- RECORDED DATA:
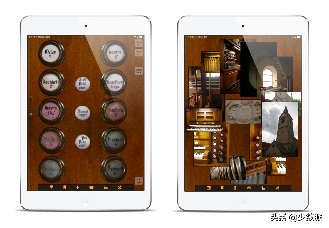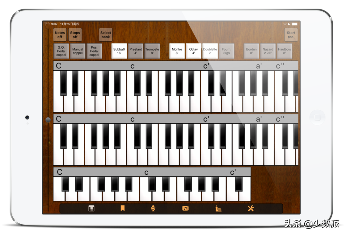 虽然 App 本身看起来虽然很古旧,但是它的功能真的很强大——它能够模拟一架管风琴的所有音管开/关状态的组合,音色非常纯净真实。
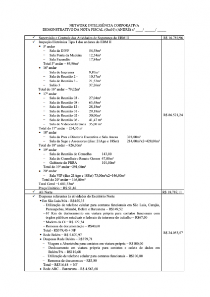 Sobre os demonstrativos de nota fiscal entregues ao MPF, explicou que eles lhe eram passados pela Network para conferência dos serviços a serem pagos, e não apareciam discriminados nas notas fiscais emitidas pelo Departamento de Suprimentos, que ignorava a natureza exata dos serviços prestados. “Era minha função receber esses dados e conferir junto aos solicitantes [da Vale], pois, além dos itens fixos, outros eram pedidos diretamente pelos integrantes do Departamento de Segurança Empresarial sem passar pelo meu crivo”, explicou. Os dados da Network eram comparados aos das planilhas confeccionadas pelos funcionários da Vale que solicitavam os serviços, orientação reforçada por um e-mail de outubro de 2011 do diretor de Segurança Empresarial, Gilberto Ramalho (que substituiu Gruba em 2011), “visando melhor controle sobre a apropriação dos serviços prestados pela Network”, que dava as instruções para o preenchimento das planilhas.
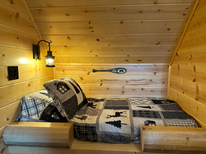 Kids themed bunk room with two log bunk beds each with their own light and USB/Power outlets.
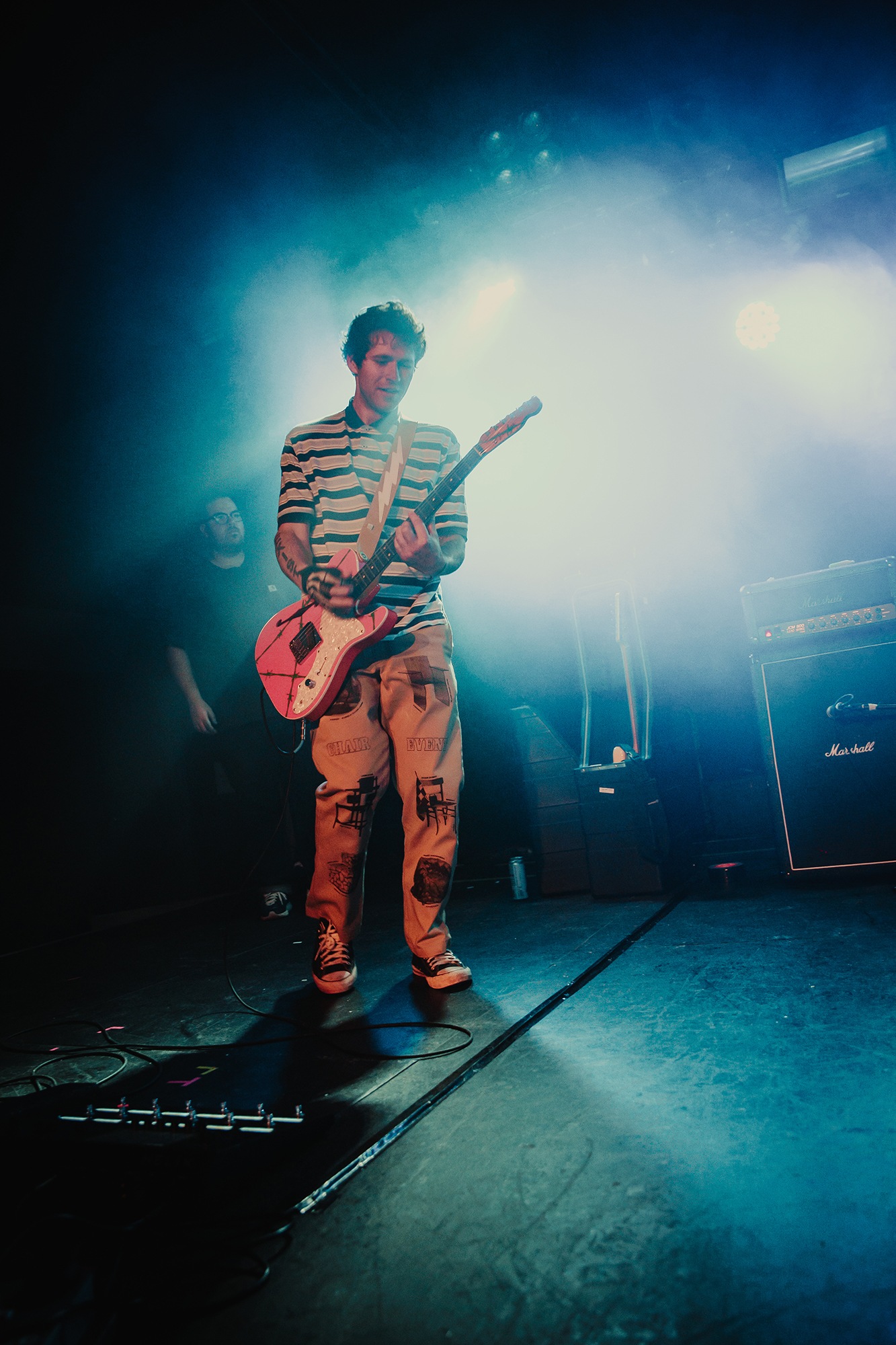 There are precious few lulls in the set – one could nitpick and say that White Trash Millionaire doesn’t hit as hard without the rousing horn section of the album recording – but generally speaking MOM JEANS’ charmingly unpolished sound comes across wonderfully in the live setting. Like the cannabis strain that the song is named after, Girl Scout Cookies casts an uplifting haze over the listener, with its twinkling lead guitar lines on the backend gently inducing a sense of melancholy bliss. Tie Die Acid Trip delights with its psychedelic and pensive riffs, while the bouncy Edward 40hands sees bassist Sam Kless exposing his glorious belly tattoos, to whoops and hollers from the audience.

- GOAL OF THE EXERCISE:
Give again, word for word, every line from the top of the data through the line with "Kids themed bunk", both ends included, and exclude the pictures.

- ANSWER FOR THE TASK:
 虽然 App 本身看起来虽然很古旧,但是它的功能真的很强大——它能够模拟一架管风琴的所有音管开/关状态的组合,音色非常纯净真实。
 Sobre os demonstrativos de nota fiscal entregues ao MPF, explicou que eles lhe eram passados pela Network para conferência dos serviços a serem pagos, e não apareciam discriminados nas notas fiscais emitidas pelo Departamento de Suprimentos, que ignorava a natureza exata dos serviços prestados. “Era minha função receber esses dados e conferir junto aos solicitantes [da Vale], pois, além dos itens fixos, outros eram pedidos diretamente pelos integrantes do Departamento de Segurança Empresarial sem passar pelo meu crivo”, explicou. Os dados da Network eram comparados aos das planilhas confeccionadas pelos funcionários da Vale que solicitavam os serviços, orientação reforçada por um e-mail de outubro de 2011 do diretor de Segurança Empresarial, Gilberto Ramalho (que substituiu Gruba em 2011), “visando melhor controle sobre a apropriação dos serviços prestados pela Network”, que dava as instruções para o preenchimento das planilhas.
 Kids themed bunk room with two log bunk beds each with their own light and USB/Power outlets.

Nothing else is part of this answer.